• _Task brief_: Exactly the lines from the one containing "Dieses Verpackungspapier zeichnet" through the end of the listing must make up the answer, with no pictures included.

• _Records for processing_:
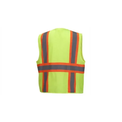 | Reflective striping | One 4” contrasting material stripe applied horizontally with 2” China brand silver reflective stripe centered inside contrasting stripe. Two 4” contrasting material stripes with 2” China brand silver reflective stripe centered inside contrasting stripe run vertically from bottom stripe, over shoulders to the bottom of the vest |
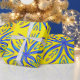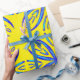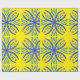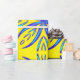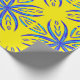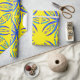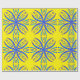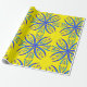 Dieses Verpackungspapier zeichnet sich durch ein fröhliches und künstlerisches Design aus. Ein hellgelber Hintergrund ist die Leinwand für ein sich wiederholendes Muster gekrümmter, blattähnlicher Formen in lila- und blauen Farbtönen, das ein lebendiges und fließendes Blumenbild schafft.
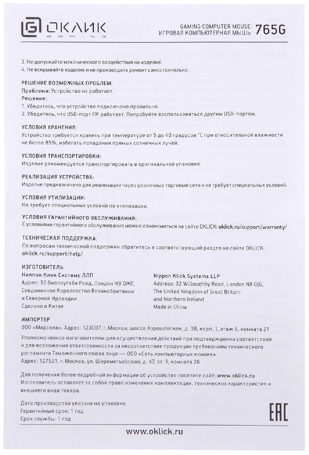 "Игровая мышь Oklick 765G SYMBIONT относится к устройствам типа plug-and-play и не нуждается в установке дополнительного ПО. "
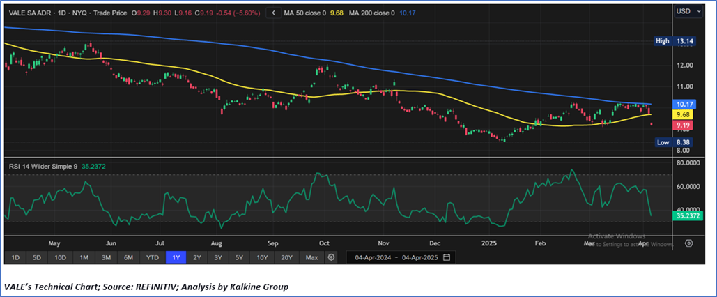 Considering the current trading levels, volatile macro environment, tariffs increased both by US and China, breaking of key important support of USD 9.50-USD 10.00, and risks associated, a ‘Sell’ rating is assigned to the “VALE” at the current market price of USD 9.19, as of April 04, 2025, at 07:30 am PDT.
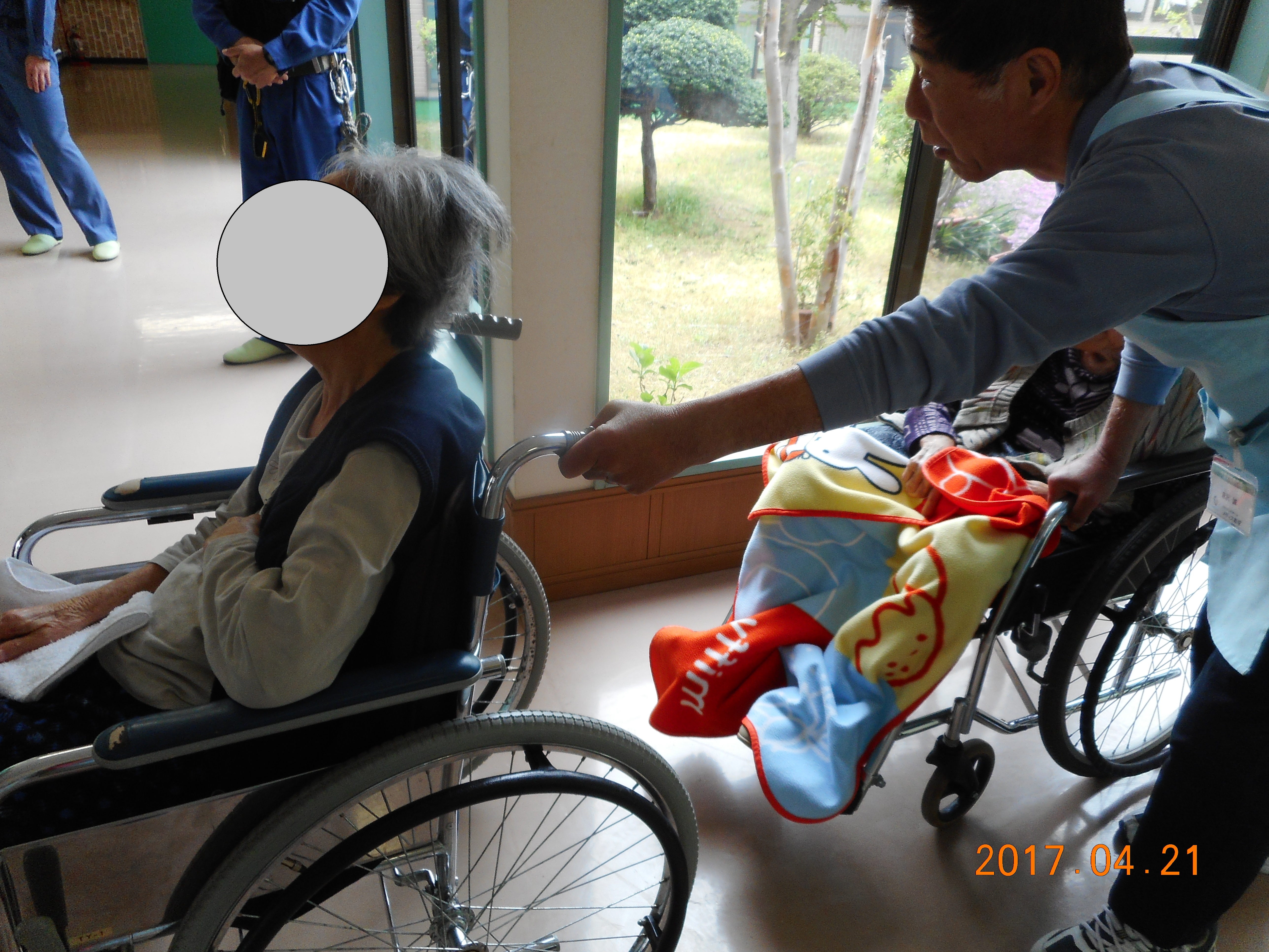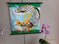 急いで端午の節句のタペストリーを施設内に飾りました。

• _Finished task_:
 Dieses Verpackungspapier zeichnet sich durch ein fröhliches und künstlerisches Design aus. Ein hellgelber Hintergrund ist die Leinwand für ein sich wiederholendes Muster gekrümmter, blattähnlicher Formen in lila- und blauen Farbtönen, das ein lebendiges und fließendes Blumenbild schafft.
 "Игровая мышь Oklick 765G SYMBIONT относится к устройствам типа plug-and-play и не нуждается в установке дополнительного ПО. "
 Considering the current trading levels, volatile macro environment, tariffs increased both by US and China, breaking of key important support of USD 9.50-USD 10.00, and risks associated, a ‘Sell’ rating is assigned to the “VALE” at the current market price of USD 9.19, as of April 04, 2025, at 07:30 am PDT.
 急いで端午の節句のタペストリーを施設内に飾りました。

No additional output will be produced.